[Exercise requirements]
Exactly retype the lines below from the one containing "ΚΑΤΕΡΙΝΑ ΣΑΚΕΛΛΑΡΟΠΟΥΛΟΥ: Με" through the end of the listing. Leave pictures out.

[Dataset extract]
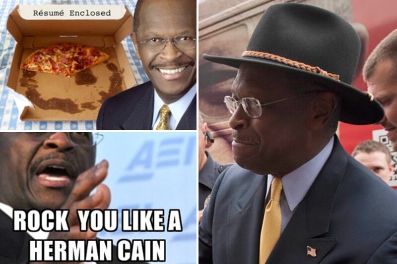 After the first sexual-harassment allegation against Herman Cain surfaced at the end of October, the allegations haven’t stopped rolling in. While the pizza mogul-turned-GOP frontrunner was once top of the polls, a recent fourth accusation is embroiling his campaign in denials and press conferences. Bloggers quickly took up the cause, and the Internet is a hotbed of Cain memes. The Daily Beast rounded up some of the best.
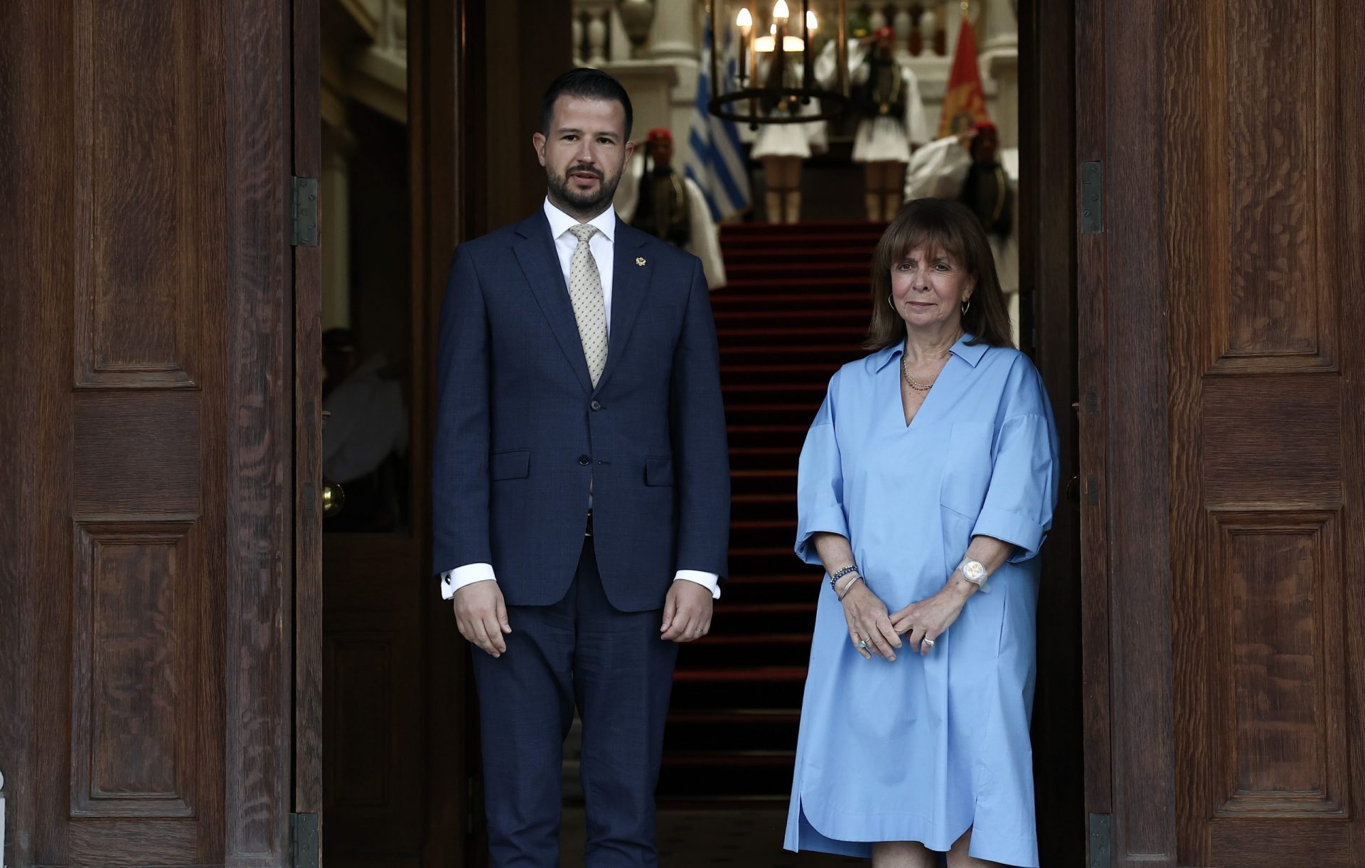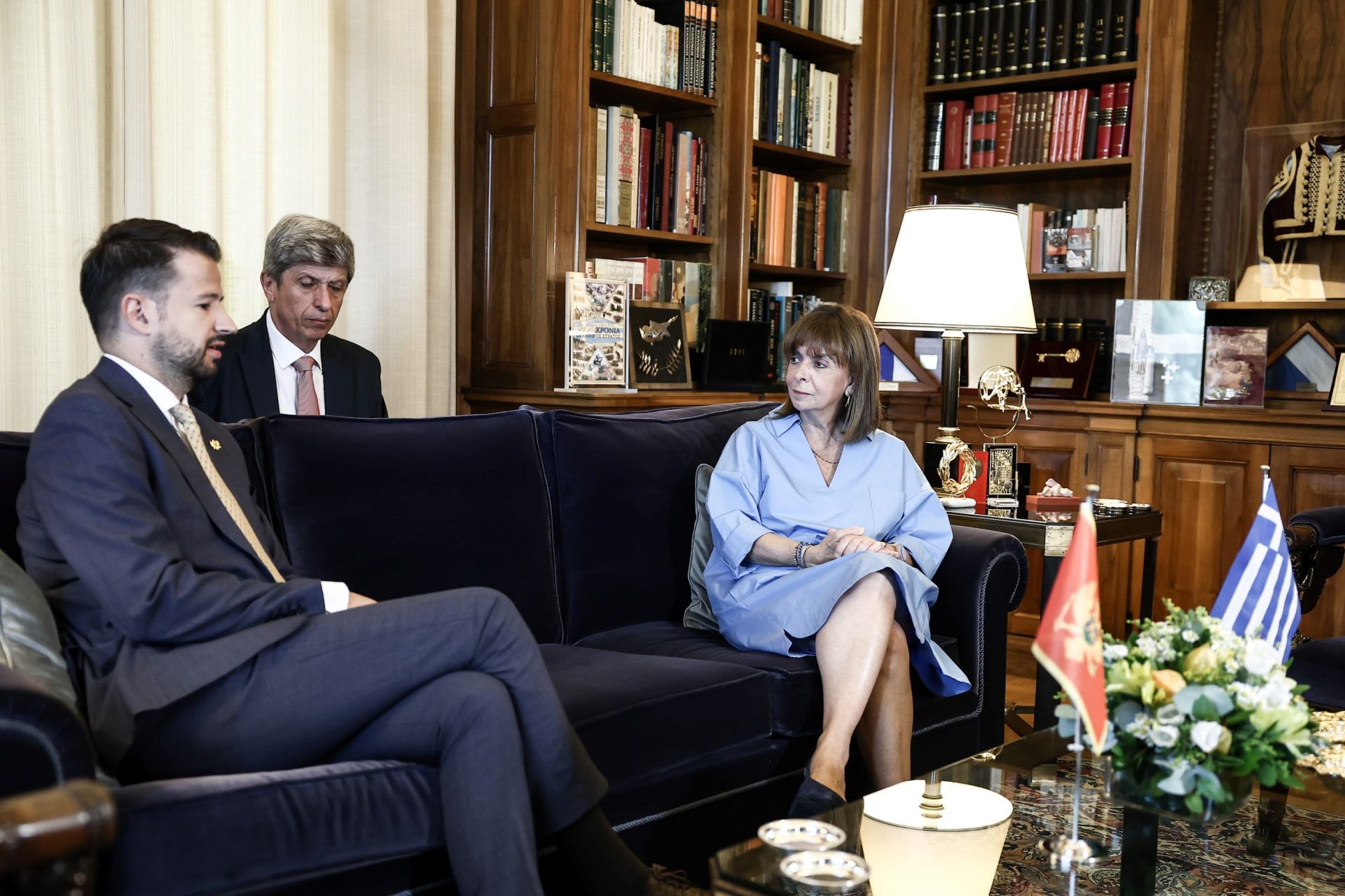 ΚΑΤΕΡΙΝΑ ΣΑΚΕΛΛΑΡΟΠΟΥΛΟΥ: Με ιδιαίτερη χαρά σας καλωσορίζω στην Αθήνα, κύριε Πρόεδρε, και στο Προεδρικό Μέγαρο. Επιτρέψτε μου να σας συγχαρώ για την ανάληψη των καθηκόντων σας. Οι χώρες μας, οι λαοί μας, συνδέονται παραδοσιακά με στενούς δεσμούς φιλίας και ελπίζω ότι κάθε συνάντηση, όπως η σημερινή, συμβάλλει στην ενίσχυση των διμερών μας σχέσεων.
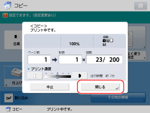 先行するジョブの終了後にコピーが開始します。「ジョブの予約がいっぱいです。前のジョブが終了してからもう一度実行してください。」というメッセージが表示された場合は、[OK]を押して前のジョブが終了したあとに操作をやりなおしてください。

[Reply to the task]
 ΚΑΤΕΡΙΝΑ ΣΑΚΕΛΛΑΡΟΠΟΥΛΟΥ: Με ιδιαίτερη χαρά σας καλωσορίζω στην Αθήνα, κύριε Πρόεδρε, και στο Προεδρικό Μέγαρο. Επιτρέψτε μου να σας συγχαρώ για την ανάληψη των καθηκόντων σας. Οι χώρες μας, οι λαοί μας, συνδέονται παραδοσιακά με στενούς δεσμούς φιλίας και ελπίζω ότι κάθε συνάντηση, όπως η σημερινή, συμβάλλει στην ενίσχυση των διμερών μας σχέσεων.
 先行するジョブの終了後にコピーが開始します。「ジョブの予約がいっぱいです。前のジョブが終了してからもう一度実行してください。」というメッセージが表示された場合は、[OK]を押して前のジョブが終了したあとに操作をやりなおしてください。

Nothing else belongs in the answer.